Suppose that (X,Y) has density function
$$f(x,y)=\frac{2}{(1+x+y)^3}\quad x,y\gt0 \quad$$
Determine the distribution of
(a) X + Y
(b) X − Y
My attempt at solving (a): $$U=X+Y,V=Y$$ $$f_{U,V}(u,v)=f_{X,Y}(u-v,v)|J|=\frac{2}{(1+u-v+v)^3}*1=\frac{2}{(1+u)^3}$$ $$f_{U}(u)=\int f_{U,V}(u,v)dv=\frac{2v}{(1+u)^3}$$
Answer in the book is $\frac{2u}{(1+u)^3}$
My attempt at solving (b): $$U=X-Y,V=Y$$ $$f_{U,V}(u,v)=f_{X,Y}(u+v,v)|J|=\frac{2}{(1+u+v+v)^3}*1=\frac{2}{(1+u+2v)^3}$$ $$f_{U}(u)=\int f_{U,V}(u,v)dv=\frac{-1}{2(2v+u+1)^2}$$
Answer in the book is $\frac{1}{2(1+|u|)^2}$
What did i do wrong? any feedback is appreciated!

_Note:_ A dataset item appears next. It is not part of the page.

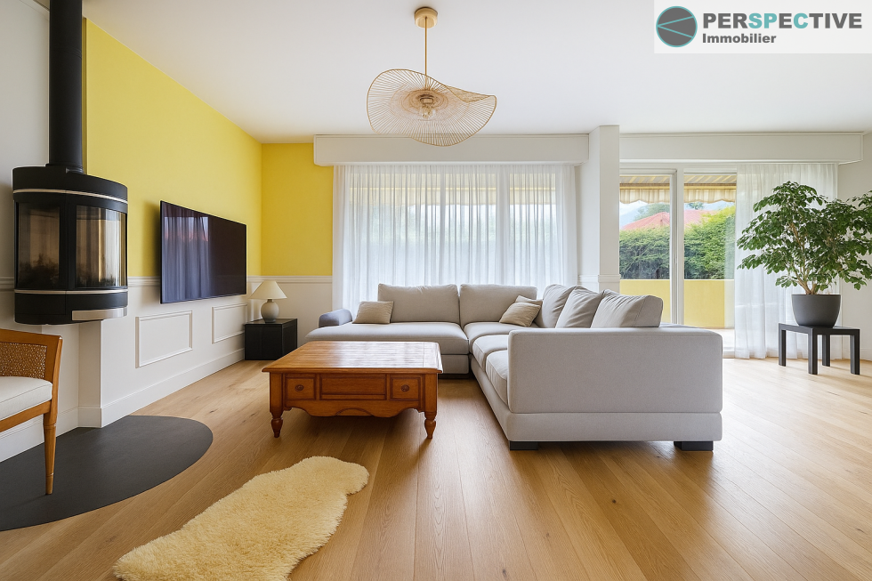 Ornex – Superbe T4 avec terrasse, à deux pas de la Suisse Dans un environnement calme et verdoyant, idéalement situé dans la partie basse d’Ornex, à proximité immédiate de la frontière suisse, des transports TPG, des ecoles et de toutes les commodités, venez découvrir ce bel appartement de 94 m² en rez-de-chaussée. Dès l’entrée, vous serez séduit par ses volumes généreux et ses nombreux rangements. L’espace de vie, lumineux et chaleureux, se compose d’un séjour cosy agrémenté d’un poêle à bois, d’un espace salle à manger ouvrant sur une agréable terrasse, ainsi que d’une cuisine entièrement équipée. L’espace nuit offre trois belles chambres avec rangements, une salle de bains, une salle d’eau et des WC séparés, garantissant confort et fonctionnalité pour toute la famille. En annexes, une cave et un garage en sous-sol viennent compléter ce bien. Situé au sein d’une petite copropriété, cet appartement bénéficie d’un cadre de vie paisible et verdoyant. Un bien rare à découvrir sans tarder !
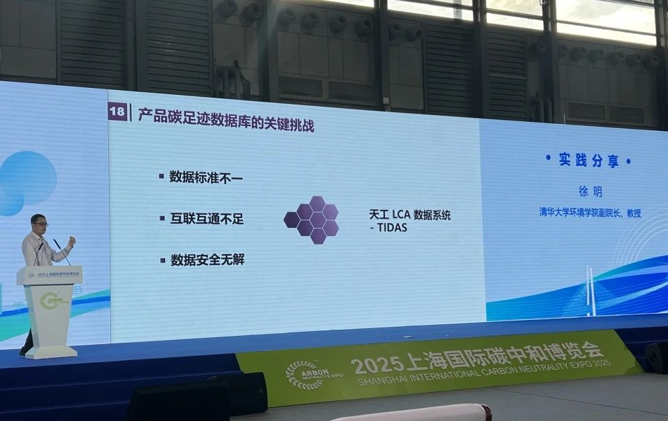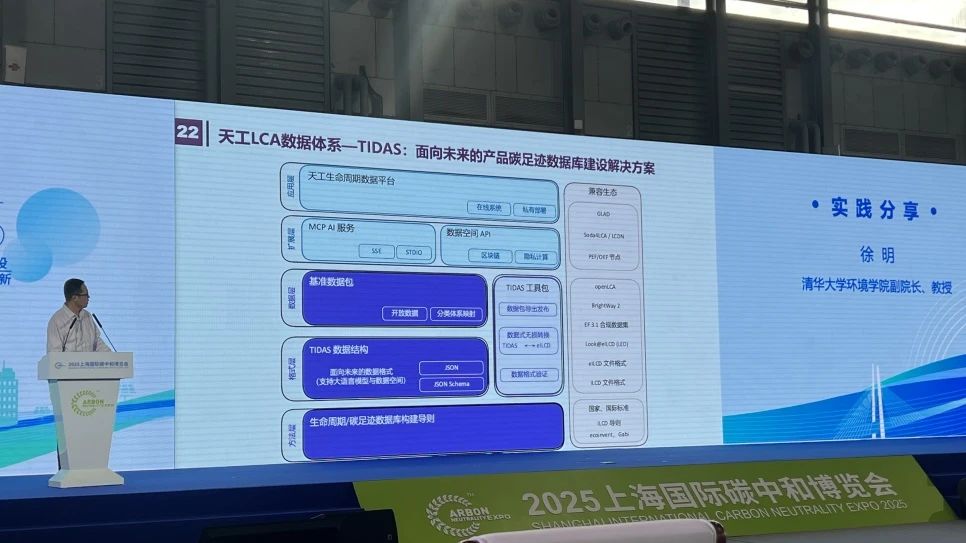 碳中和讲席教授、环境学院副院长徐明在2025上海国际碳博会上,代表联盟发布了“天工LCA数据系统”(TIDAS),提供LCA和碳足迹基础数据库建设解决方案。TIDAS包含LCA/碳足迹数据库构建导则、标准化数据结构和基础数据、成套开源工具,全面赋能数据库开发者高效开展数据库建设。

Look to the bounds of the integrals. They are not indefinite. Where do your $U,V$ "live"?
The support for $(X,Y)$ is $\{(x,y): 0<x, 0<y\}$
So setting $U=X+Y$, then the support for $(U,Y)$ is $\{(u,y): 0<y<u\}$ . Because is $X$ is strictly positive then surely: $Y<X+Y$ . Thus you must have:
$$f_U(u)=\int_{0}^u \frac 2{(1+(u-y)+y)^3}\mathsf d y=\dfrac{2u}{(1+u)^3}$$
Likewise setting $V=X-Y$, then the support for $(V,Y)$ is $\{(v,y):0< y, -y<v\}$.
$$f_V(v) = \int_{\max\{0,-v\}}^\infty \dfrac{2}{(1+(v+y)+y))^3}\mathsf d y$$
So...